Thursday, August 12

IRIN Web Special on child soldiers

IRIN Web Special on child soldiers

What would it feel like to know that our government was focused on ending tragedies such as this rather than moving swiftly past as though nothing were going on and no one needed their help? We may never know. Mercy, Father. Mercy.

Child soldier in Sierra Leone
Credit: IRIN

His comrades in the transit camp run by Save the Children-UK in Bunia, a town in the Democratic Republic of Congo (DRC), called him 'Kadogo', which means "small" in Kiswahili.

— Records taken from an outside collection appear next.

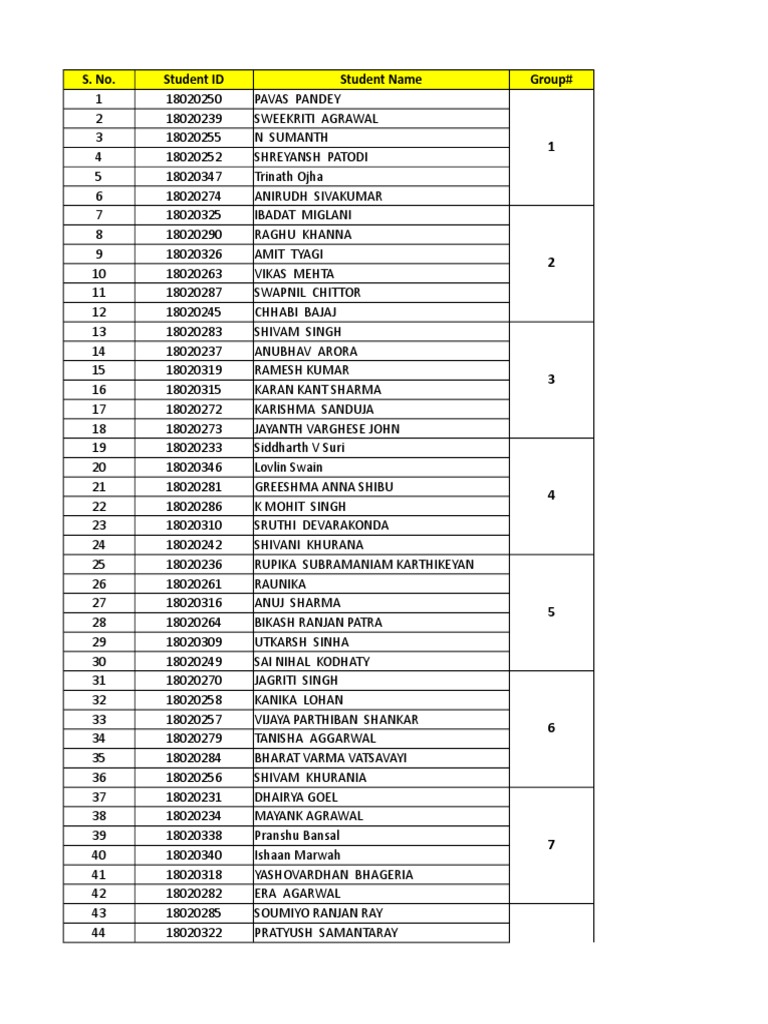 Student ID Student Name Group#
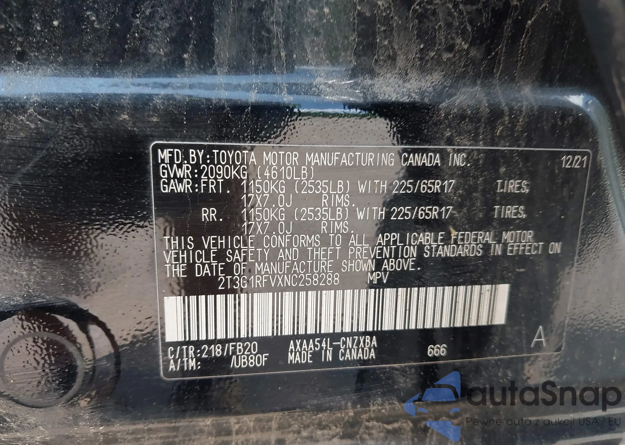 VIN: 2T3G1RFVXNC258288
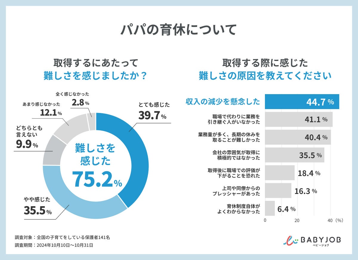 調査では、パパの育休取得の有無に関わらず、取得することが難しかったと回答した人は、7割を超える結果になりました。その理由として最も多かったのは、「収入の減少を懸念した(44.7%)」でした。次いで、「職場で代わりに業務を引き継ぐ人がいなかった(41.1%)」、「業務量が多く、長期の休みを取ることが難しかった(40.4%)」、という結果になりました。
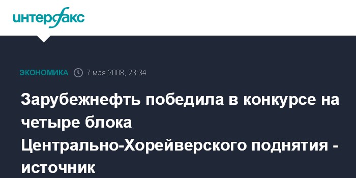 Москва. 7 мая. ИНТЕРФАКС-АНИ - Конкурсная комиссия департамента по недропользованию по Северо-Западному федеральному округу (Севзапнедра) признали ОАО "Зарубежнефть" победителем конкурса по четырем блокам Центрально-Хорейверского поднятия в Ненецком автономном округе, сообщил Агентству нефтяной информации источник, знакомый с результатами конкурса.
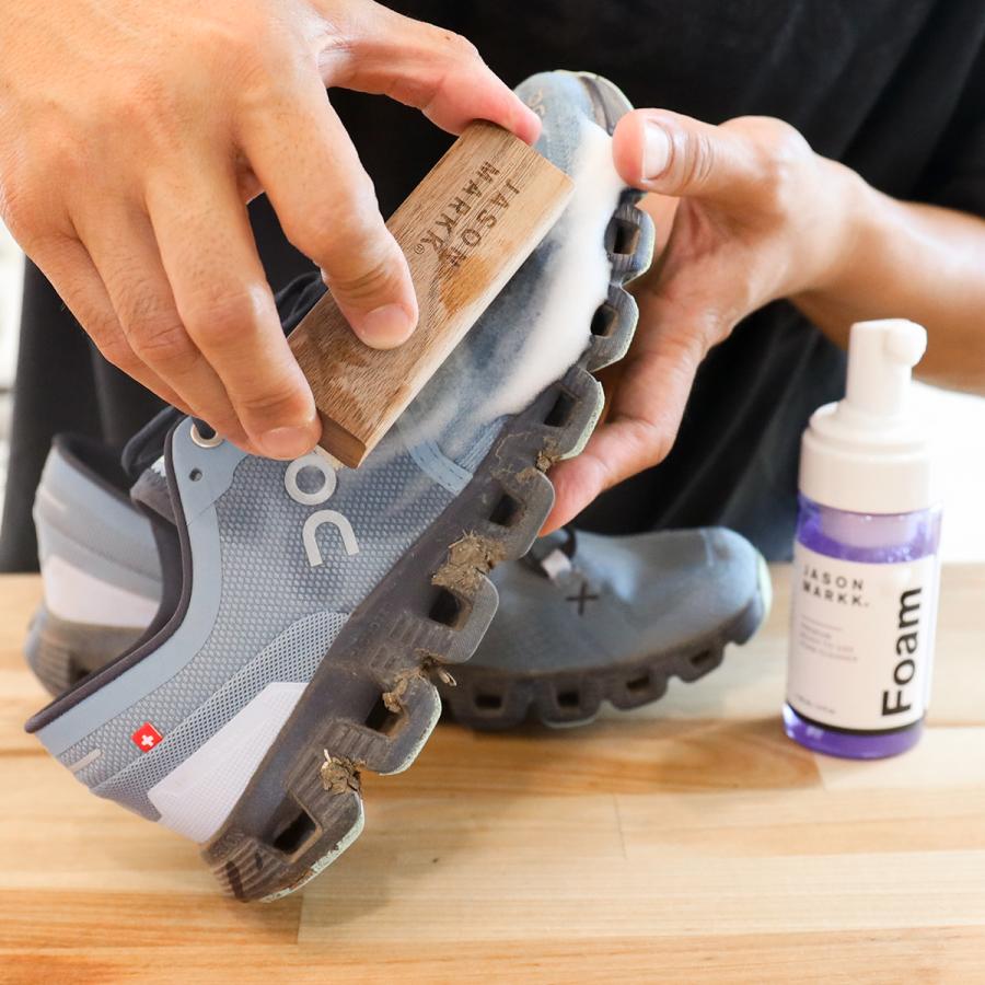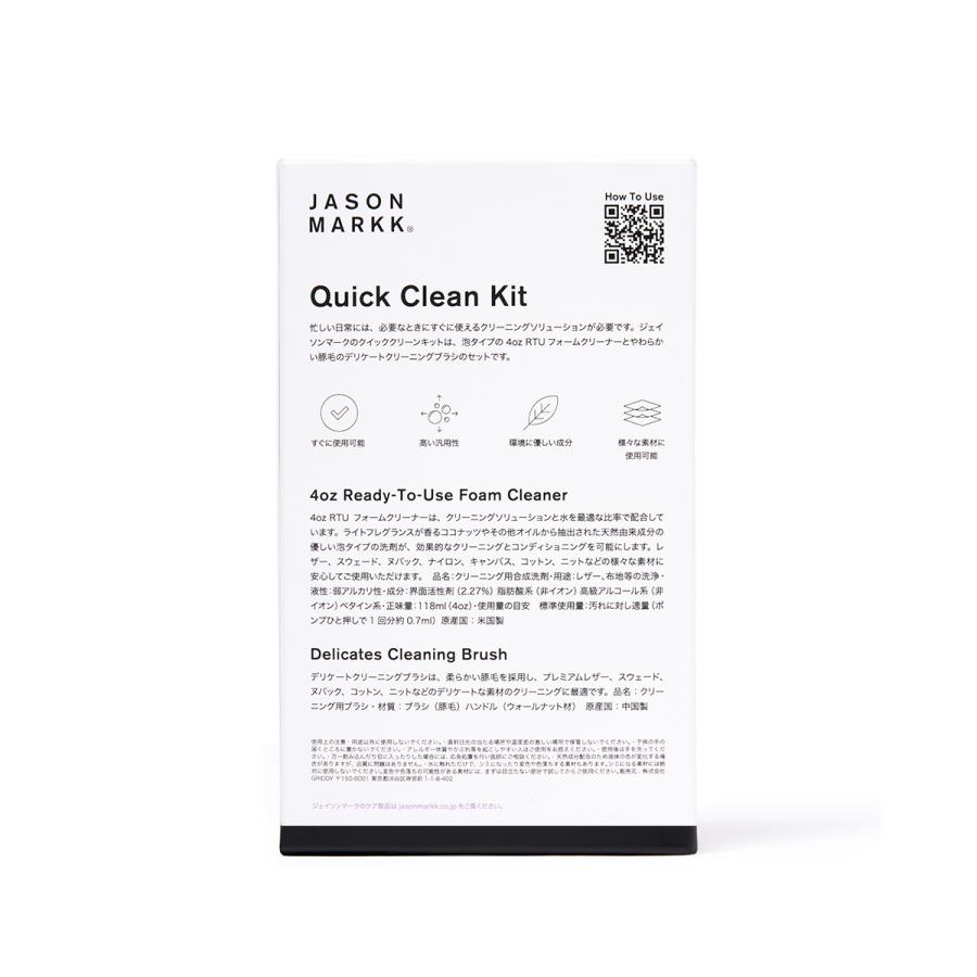 4oz RTUフォームクリーナーとデリケートクリーニングブラシのセットです。クリーニングソリューションと水を最適な比率で配合した天然由来成分の優しい泡タイプの洗剤が、効果的なクリーニングとコンディショニングを可能にします。必要なときにすぐに使えるクリーニングキットです。4oz Ready-To-Use Foam Cleaner4oz.RTUフォームクリーナーは、クリーニングソリューションと水を最適な比率で配合しています。ライトフレグランスが香るココナッツやその他オイルから抽出された天然由来成分の泡タイプクリーナーが、効果的なクリーニングとコンディショニングを可能にします。レザー、スウェード、ヌバック、キャンバス、コットン、ニットなどの様々な素材に安心してご使用いただけます。またRTUフォームクリーナーは洗剤成分をリニューアルし、より環境に優しい洗剤になりました。Delicates Cleaning Brushデリケートクリーニングブラシは、柔らかい豚毛を採用し、レザー、スウェード、ヌバック、コットン、ニットなどのデリケートな素材のクリーニングに最適です。
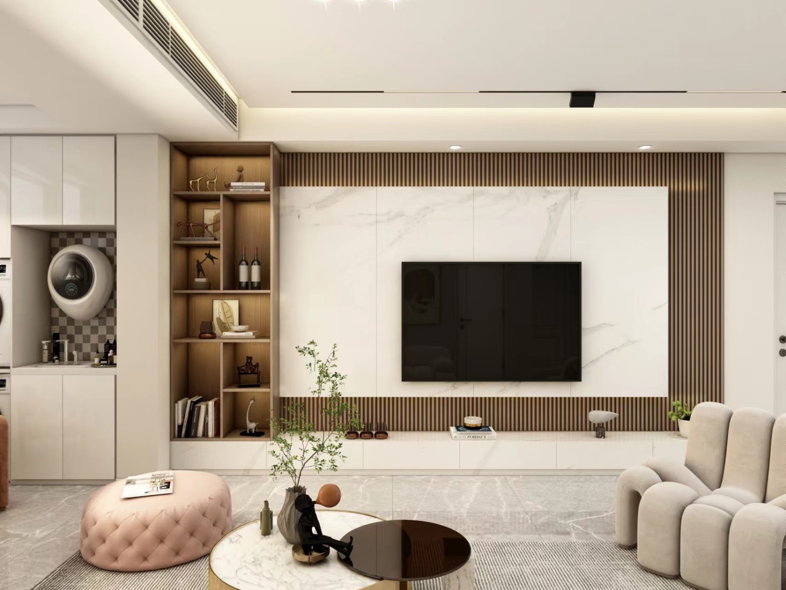 顶面安装的无主灯,如今都比较流行这种款式的设计,颜值很高,照明亮度足够。
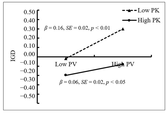 IGD among adolescents as a function of peer victimization and parental knowledge. Note: PV = peer victimization, PK = parental knowledge, and IGD = internet gaming disorder.
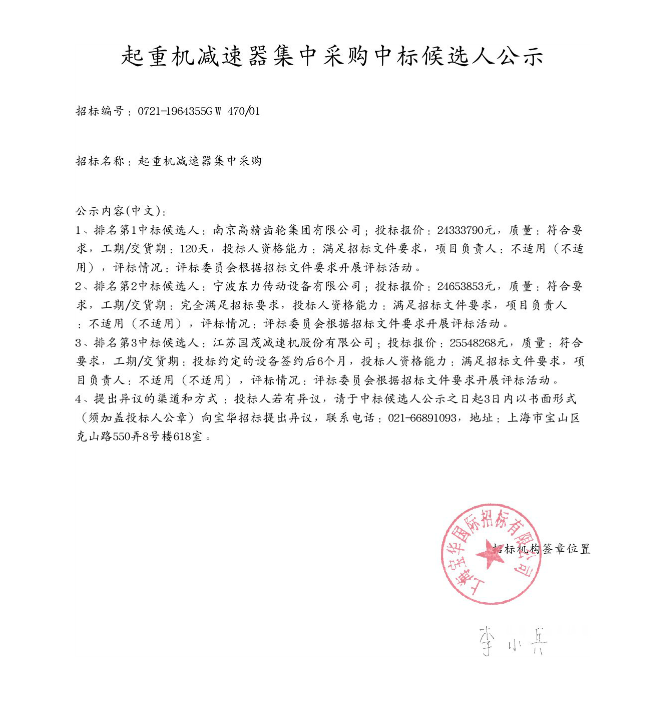 移動版:起重機(jī)減速器集中采購中標(biāo)候選人公示
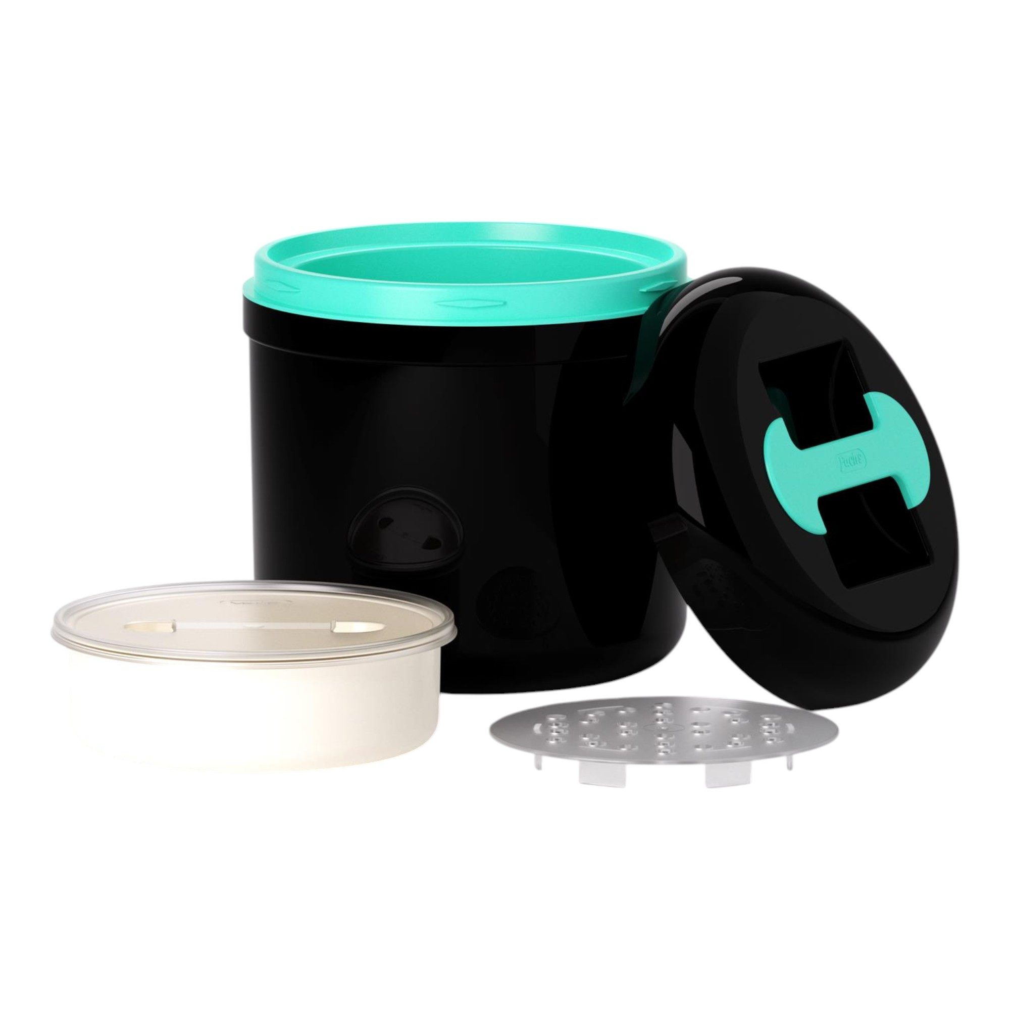 Mit diesem praktischen Behälter in Eimerform können Lebensmittel oder Eiswürfel optimal aufbewahrt werden. Sowohl Eimer, als auch Deckel sind voll thermoisoliert und können so den Inhalt entsprechend warm oder kalt halten. Im Lieferumfang enthalten sind außerdem ein Einsatzbehälter mit 1,2 Liter Fassungsvermögen, welcher mikrowellengeeignet ist und eine Abtropfunterlage.
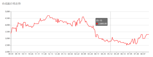 合成氨價格受市場供需影響較大,2017-2021 年,市場均價在 2768-3470 元/t,2022 年上半年市場均價飆升至在 3758-5110 元/t 之間,下半年一度跌落至2746 元/噸,之后有所回升,至2023年8月合成氨價格圍繞2500-3500元/噸區間震蕩。
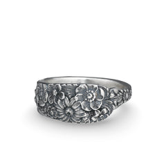 An endless array of enchanting blossoms adorn this sterling silver Victorian spoon ring set.
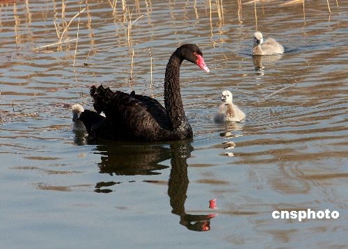 12月14日,北京圓明園,一對黑天鵝夫婦帶著8只未滿月的天鵝寶寶在享受著北京冬日溫暖的陽光。據(jù)介紹,8只小黑天鵝是11月22日出生。中新社發(fā) 鄭雄增 攝
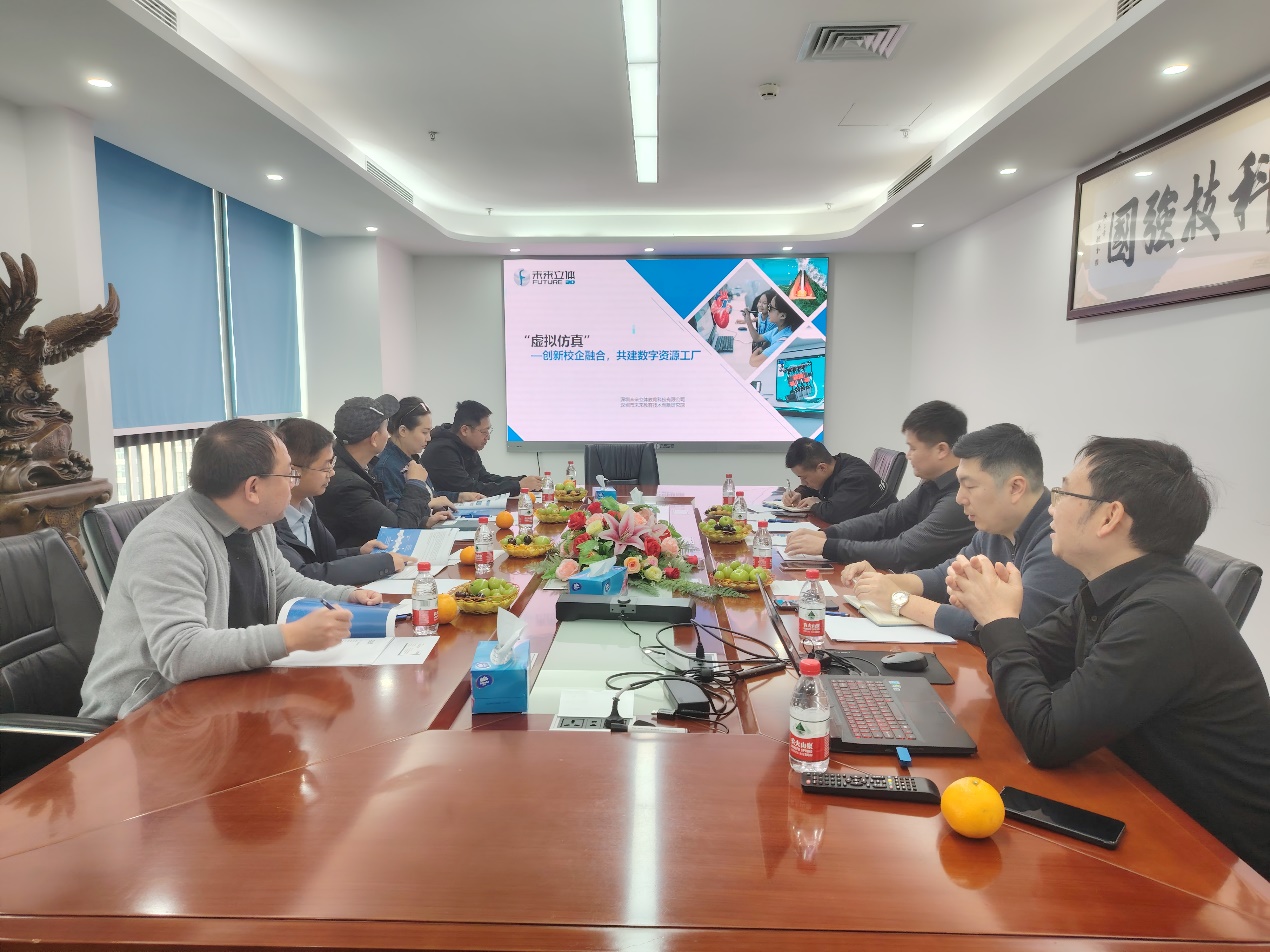 此次调研的第一站是深圳未来立体教育科技有限公司。该公司在教育科技领域有着独特的技术和理念,其业务涉及数字化教育资源的开发、三维技术应用等。调研组与公司管理人员和技术骨干进行了深入交流,了解对数字创意设计人才在 3D技术、虚拟现实(VR)、增强现实(AR)等新兴技术领域对人才需求的应用能力,期望能够招聘到既熟悉教育教学规律又掌握前沿数字技术的复合型人才,以推动公司在教育科技领域的创新发展。
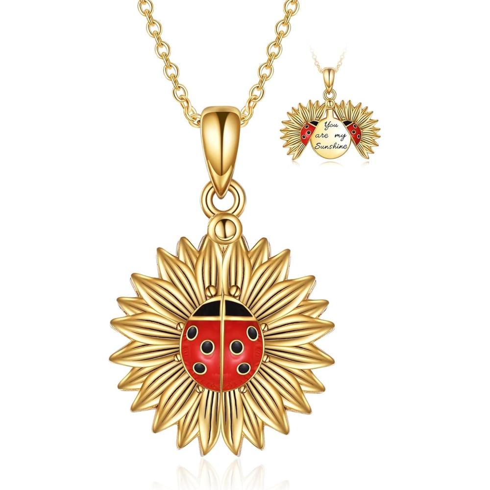 Sterling Silver Sunflower Locket Necklace You Are My Sunshine Engraved Pendant Necklaces Anniversary Jewelry for Her(C-Ladybug Gold)
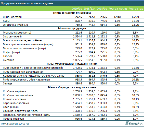 Продукты животного происхождения за месяц почти не изменились в цене. Среди продукции птицеферм к февралю текущего года цены выросли менее чем на 2 процента за месяц. Цены на молочную продукцию увеличились менее чем на 1 процент за месяц. Подобная картина наблюдается и среди изделий из мяса и рыбы.
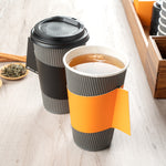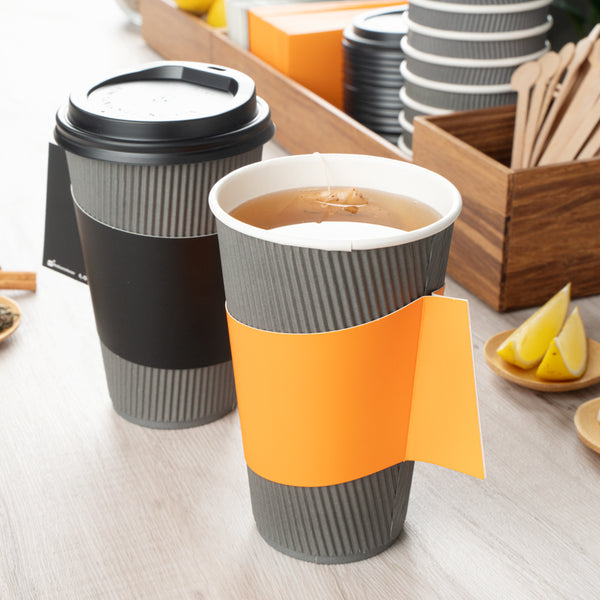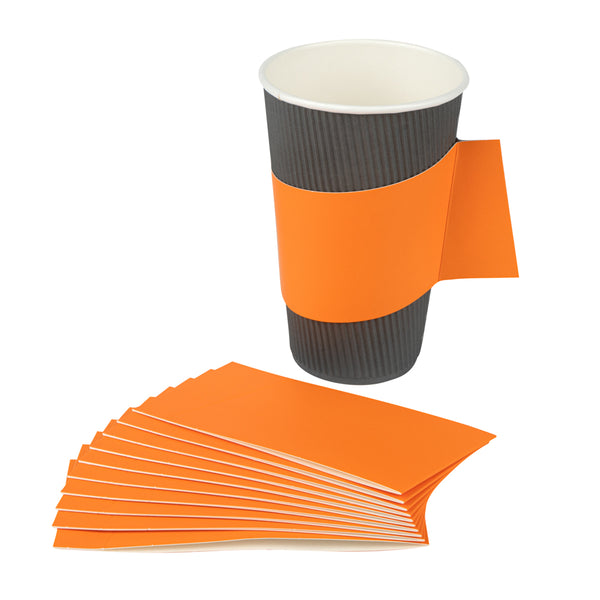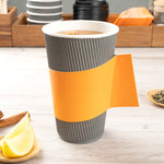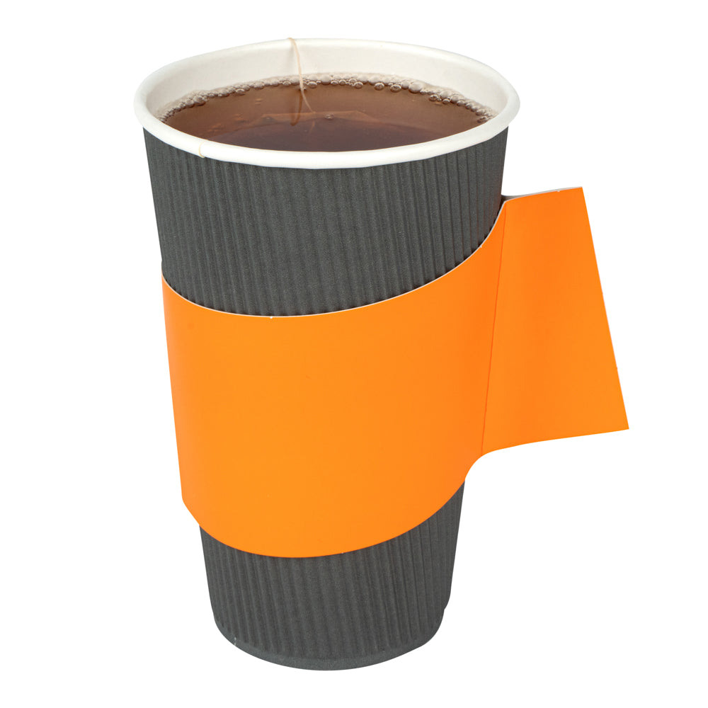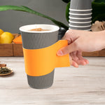 Ensure customer comfort with the Restpresso Orange Paper Coffee Cup Holder, featuring an integrated handle design that provides a secure grip, reducing spills and enhancing customer satisfaction. Made from insulating paper, this disposable coffee sleeve shields hands from hot beverages, ensuring a safe and enjoyable drinking experience. Its vibrant orange color not only adds a lively touch to your coffee service but also improves brand visibility. Designed to fit 12 to 20-ounce cups, this hot beverage sleeve offers versatile use across various drink sizes, making it ideal for coffee shops and catering events alike. Perfect for busy beverage operations, this paper coffee cup holder is a reliable choice. Each order includes 50 Restpresso Orange Paper Coffee Cup Holders, 11.25 inches by 2.5 inches by 2.5 inches.

The name suited him for he was tiny, much too tiny, in fact, to be involved in anyone's war.

But at 12, Kadogo was already a veteran of a vicious bush war between ethnic militias in eastern DRC. So were his comrades at the transit camp, victims like him of a practice that has drawn widespread condemnation, including from the UN Children's Fund (UNICEF).

Dubbed "an illegal and morally reprehensible practice" by UNICEF, the use of children in violent conflicts continues in many war situations around the world.

The last few years have seen heightened interest in the problem at the highest level of the international community, and landmark developments to strengthen and broaden the scope of international measures to protect children from this scourge. For this reason, says Olara Otunnu, Special Representative of the UN Secretary-General for Children in Armed Conflict, we are now at "a watershed moment" when international attention can be coupled with new mechanisms and instruments to end impunity for those using child soldiers.

It is time over the next three years, according to Otunnu, "to switch from talking the talk to walking the walk … for a critical mass that could come together to change the behaviour of parties in conflict and prevent them getting away with abuse of children."

The nature of the problem

More than 500,000 children under-18 have been recruited into state and non-state armed groups in over 85 countries worldwide, according to the Coalition to Stop the Use of Child Soldiers []. At any one time, more than 300,000 of these children are actively fighting as soldiers with government armed forces or armed opposition groups worldwide, says the coalition.

Most child soldiers are between the ages of 15 and 18 years, but some are as young as seven. Most, but not all, soldiers under 15 years of age are believed to be part of non-state armed forces. Those children who are not fighters, are typically runners or scouts, porters, sex slaves, cooks or spies.

The recruitment and use of children for combat is outlawed by various measures of international human rights law, humanitarian law, labour law and criminal law but a chasm exists between these standards and their application.

Most observers agree that the practice continues because children make for cheap and obedient fighters, and are easier - because of their youth and inexperience - to mould into effective and expendable combatants. In some areas subject to persistent violent conflict, there is a shortage of "eligible men" so belligerents widen the recruitment base by using girls and boys, some observers say. The proliferation of light weaponry has also fed into the problem, making it possible for very young children to bear and use arms, others add.

But all agree that the most obvious reason armed forces take on children as soldiers is because they can. Despite the regulations outlawing the practice, little effective action has been taken against those who violate the conventions and international agreements.

Child soldiers are often abducted from their homes, schools or communities and forced into combat, whether by government forces, rebel groups or paramilitary militias. Sometimes they are accepted as 'volunteers', although UNICEF makes the point that few children who join armies are really 'volunteers': minors who are forced to fight are often poor, illiterate and from rural or otherwise marginalised communities. In such circumstances, signing up with fighting groups may seem more attractive than the dismal alternatives.

Zaralam, a 14-year-old military policeman near the southern Afghan city of Kandahar, told IRIN that life was tough but that he had had to join the "army" to earn some money for his family. He is one of at least 8,000 children believed to be under arms in Afghanistan, many in the pay of regional warlords.

Even a little education, vocational training - and therefore opportunity - can make children more independent and less susceptible to military recruitment, according to UNICEF. Propaganda and ideological 'brainwashing' can also lure children into the ranks of armed forces.

In conflict situations, orphans whose parents have been killed or have disappeared are particularly vulnerable to coercion or volunteering for service as child soldiers.

Among other things, protection involves developing strategies to make children less vulnerable to military recruitment, and identifying non-violent ways for them to contribute to their families and communities. Resources and capacity are particularly needed to extend education and vocational training, as well as to revive agriculture and provide other economic opportunities, according to the UN.

"Unless children demobilised from armies are given alternatives to soldiering, they are likely to be recruited again into armed groups," Graca Machel, an expert on children in armed conflict, noted in a September 2000 report on The Impact of Armed Conflict on Children.